Will an electrolyte beverage like Pedialyte help you stay hydrated? Yes. But a little dehydration isn't all that's going on in your body when you drink to excess.
You probably already know that your liver and brain don't appreciate heavy alcohol consumption and that over time you can significantly damage these vital organs. A huge recent study that analyzed data from 195 countries challenges the formerly popular notion that light drinking, by contrast, confers health benefits.
And we're also learning that markers of bodily inflammation called cytokines shoot up in people suffering hangovers the day after drinking excessively as the blood alcohol level returns to zero. Inflammation is the body's response to injury, and immune system dysfunction is increasingly linked to numerous diseases.
There's no evidence that Pedialyte protects your vital organs or your immune system from the ill effects of alcohol intoxication, and it's quite reasonable to worry that these products might mask your body's warning signs that it's had too much. It would be a disservice if people incorrectly assume they can consume large quantities of alcohol and undo the adverse effects by downing Pedialyte the next day.
And even if Pedialyte helps ease the next day's hangover, that hangover was a critical message from your body to your brain that you're on the wrong trajectory. The painful messages our bodies send us about our behaviors are crucially important to our overall health.
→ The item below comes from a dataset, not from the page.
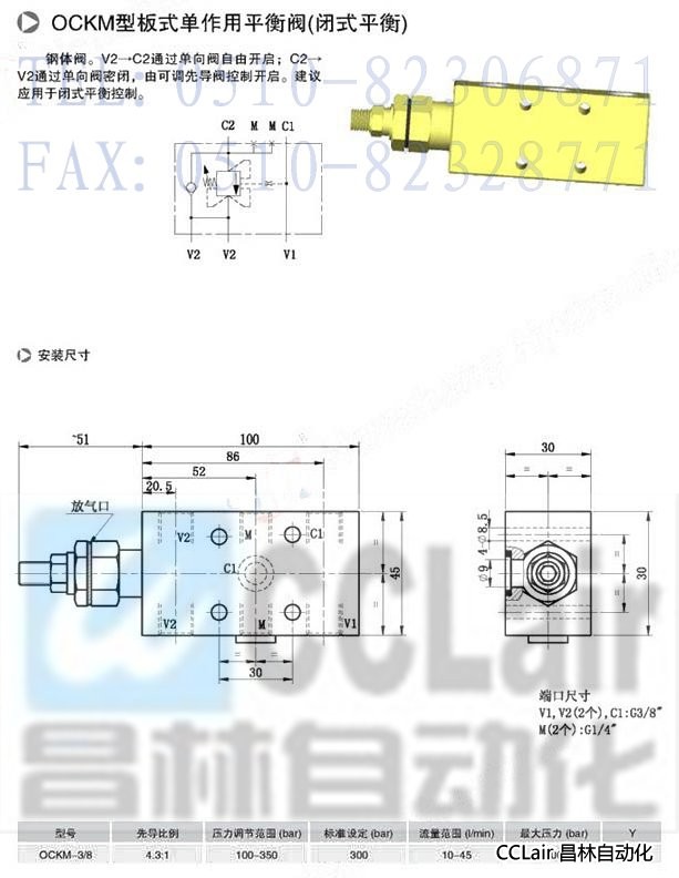 OCKM-3/8,板式單作用平衡閥(閉式平衡)

These physical tolls translate into subconscious wariness of the excessive food or drink that made us sick, helping us avoid that level of over-consumption next time around.
Truly sophisticated drinkers need nothing more than tap water and self control to have an enjoyable night with a few alcoholic beverages on board. If instead you're suffering hangovers that ruin the following day without dialing back and taking heed of the consequences to your life, you can be at risk for alcoholism. Indeed, such warping of your decision-making thanks to this addictive chemical is part of the definition of alcoholism.
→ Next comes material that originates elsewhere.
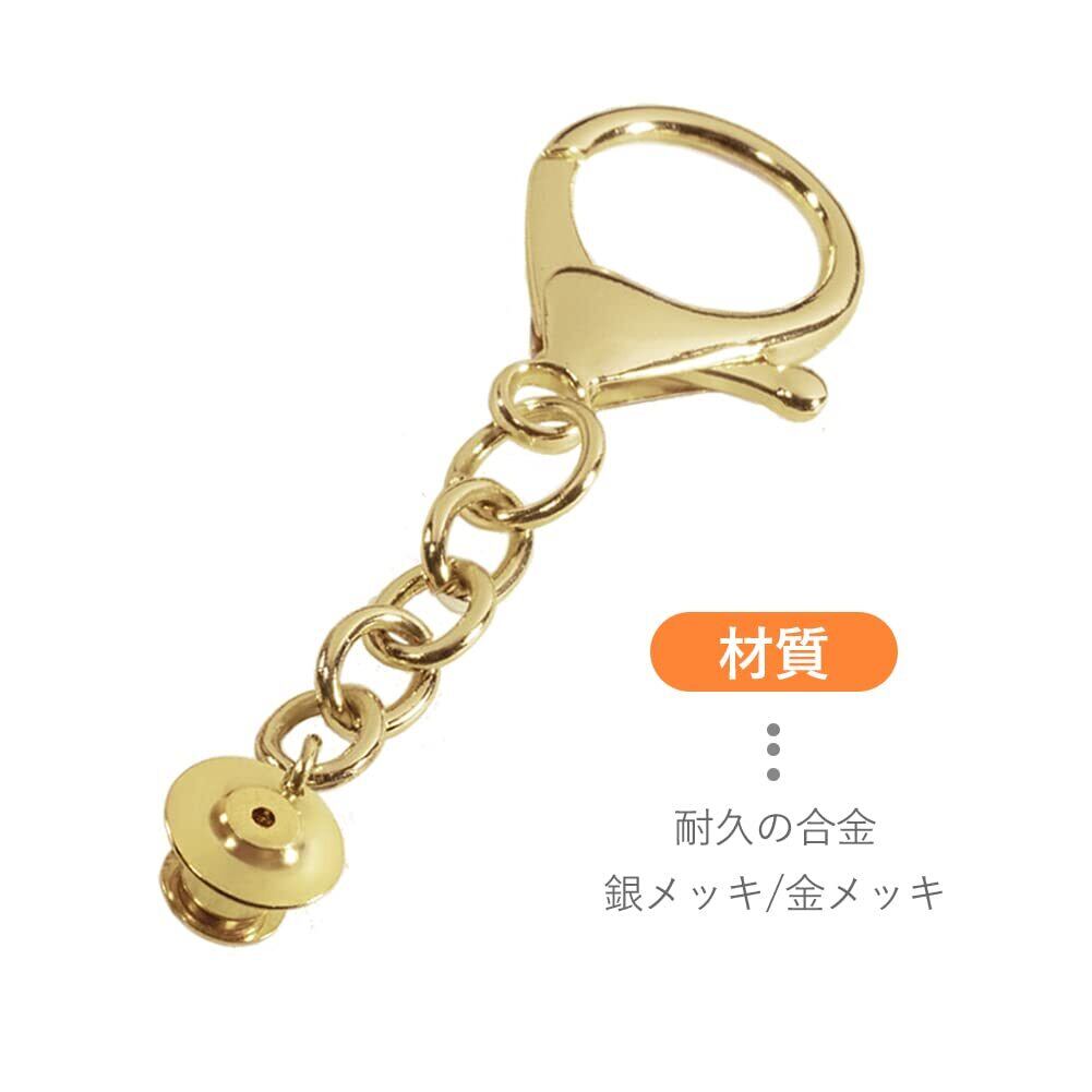●製品名前:ピンバッジ用キーホルダー2個。●材質:耐久の合金、銀メッキ/金メッキ。●サイズ:全長約75mm、針径1mm。

The makers of Pedialyte certainly aren't the first ones to promote a remedy for alcohol's effects. Alka Seltzer's "Plop Plop, Fizz Fizz" campaigns of yore employed everyone from night life stars like Sammy Davis, Jr. to regular guys who've had too much beer to sell their indigestion treatment.
Pedialyte's incursion into a hangover culture that's already the subject of a three-part Hollywood franchise celebrating alcohol-induced debauchery isn't the crisis of our time. But Abbott, an otherwise respectable healthcare behemoth, is at risk of making a serious mistake. It's time for the company to step back from the edge before its unwise marketing efforts do anything to encourage alcohol abuse and over drinking.